Task requirements
Please, in the data that follows, copy exactly the lines from the line with "Some sarees don’t" through the last one, both included. Do not include pictures.

Stored data

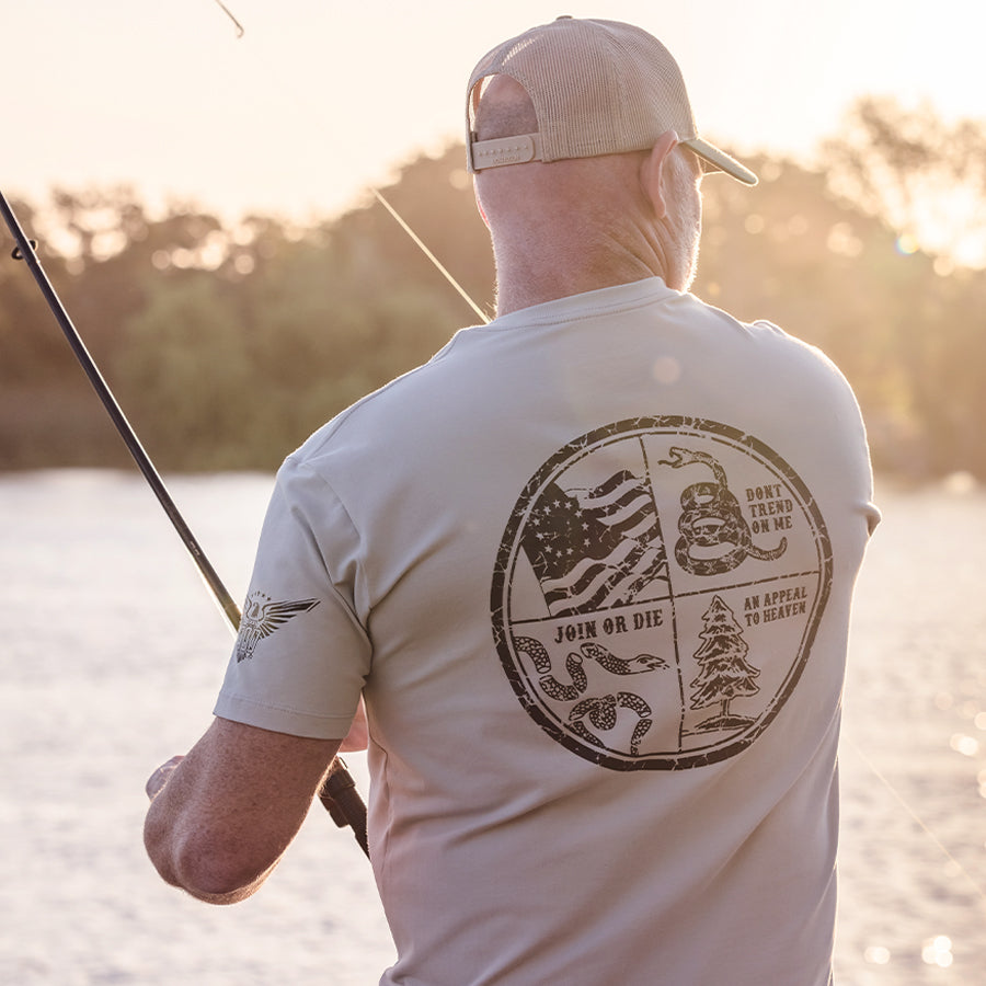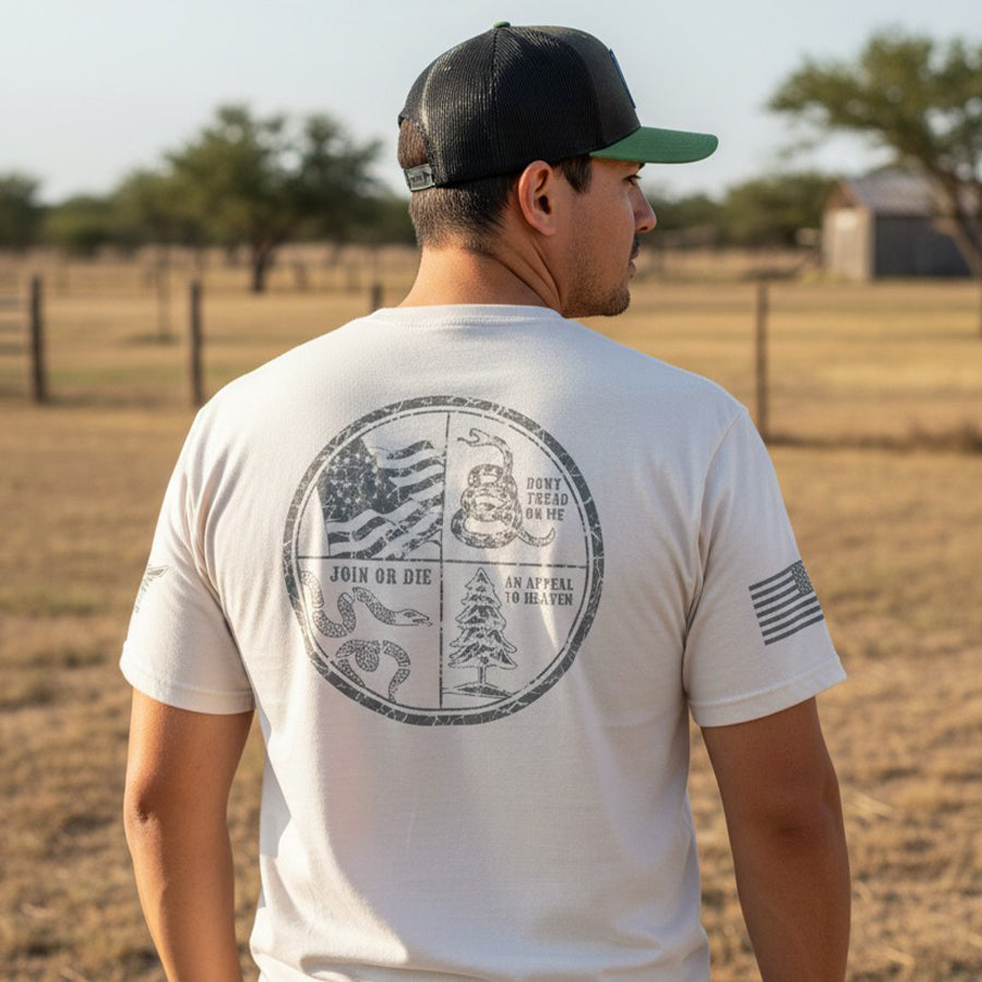 From the Gadsden Flag's "Don't Tread on Me" to the Betsy Ross flag's 13 stars, these revolutionary banners represented the birth of a nation. This shirt honors the flags that flew when America declared its independence and fought for freedom against the world's greatest empire.
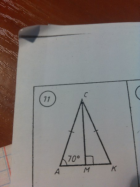 Угол AKC=70, т.к треугольник равнобедренный, а значит угол ACK=180-(70+70)=180-140=40
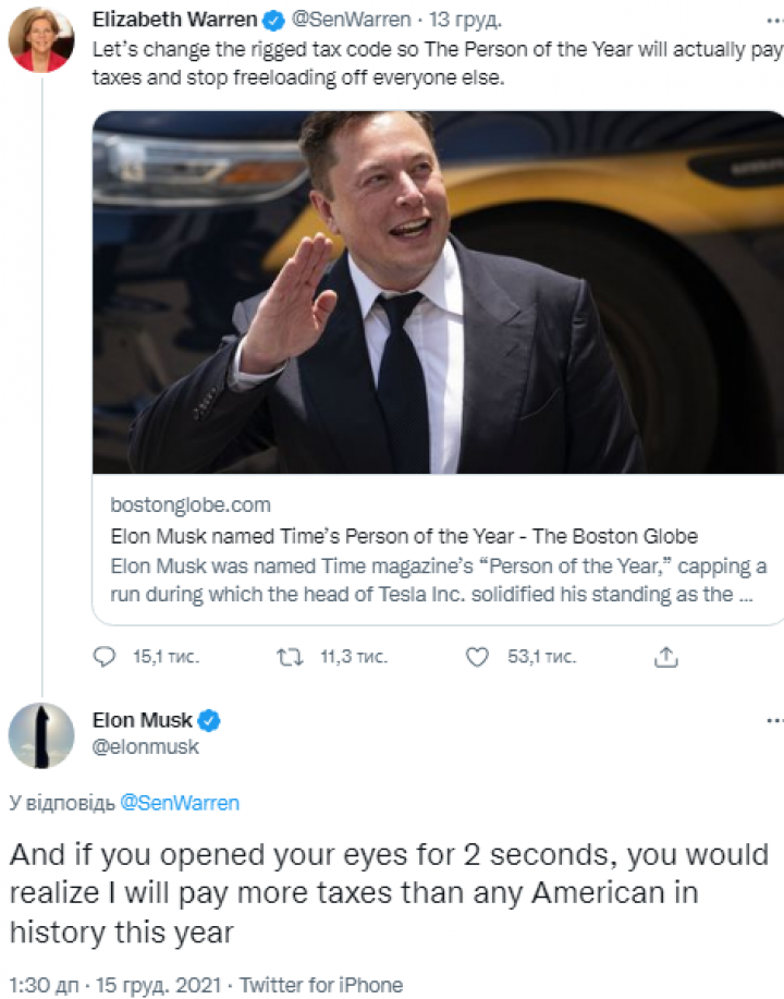 Миллиардер Илон Маск заявил в социальной сети Twitter, что заплатит больше налогов, чем любой американец в истории. Этот аргумент бизнесмен использовал в очередной ссоре с сенатором от Массачусетса Элизабет Уоррен.
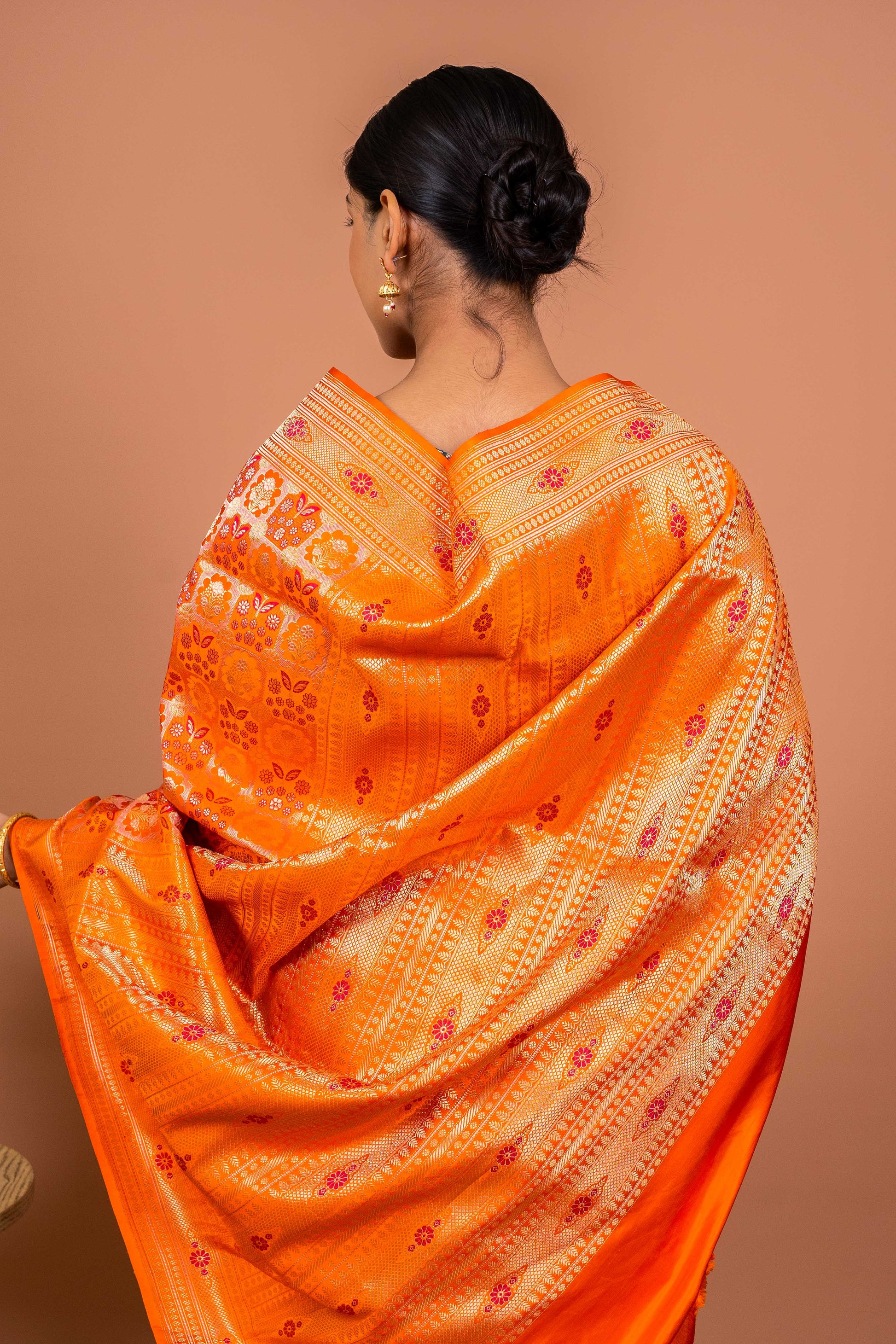Some sarees don’t just drape; they tell a story. The Vana Tanchhoi Handwoven Banarasi Saree in a radiant shade of orange is a testament to tradition, craftsmanship, and timeless beauty.
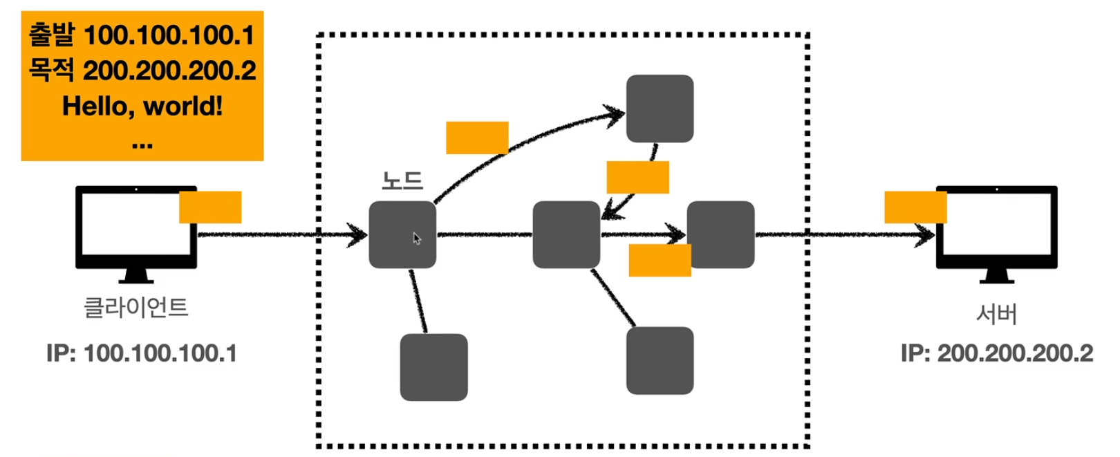 IP 패킷 : 출발지의 IP, 목적지의 IP, 기타 정보들이 포함되어 있다

Response to this task
Some sarees don’t just drape; they tell a story. The Vana Tanchhoi Handwoven Banarasi Saree in a radiant shade of orange is a testament to tradition, craftsmanship, and timeless beauty.
 IP 패킷 : 출발지의 IP, 목적지의 IP, 기타 정보들이 포함되어 있다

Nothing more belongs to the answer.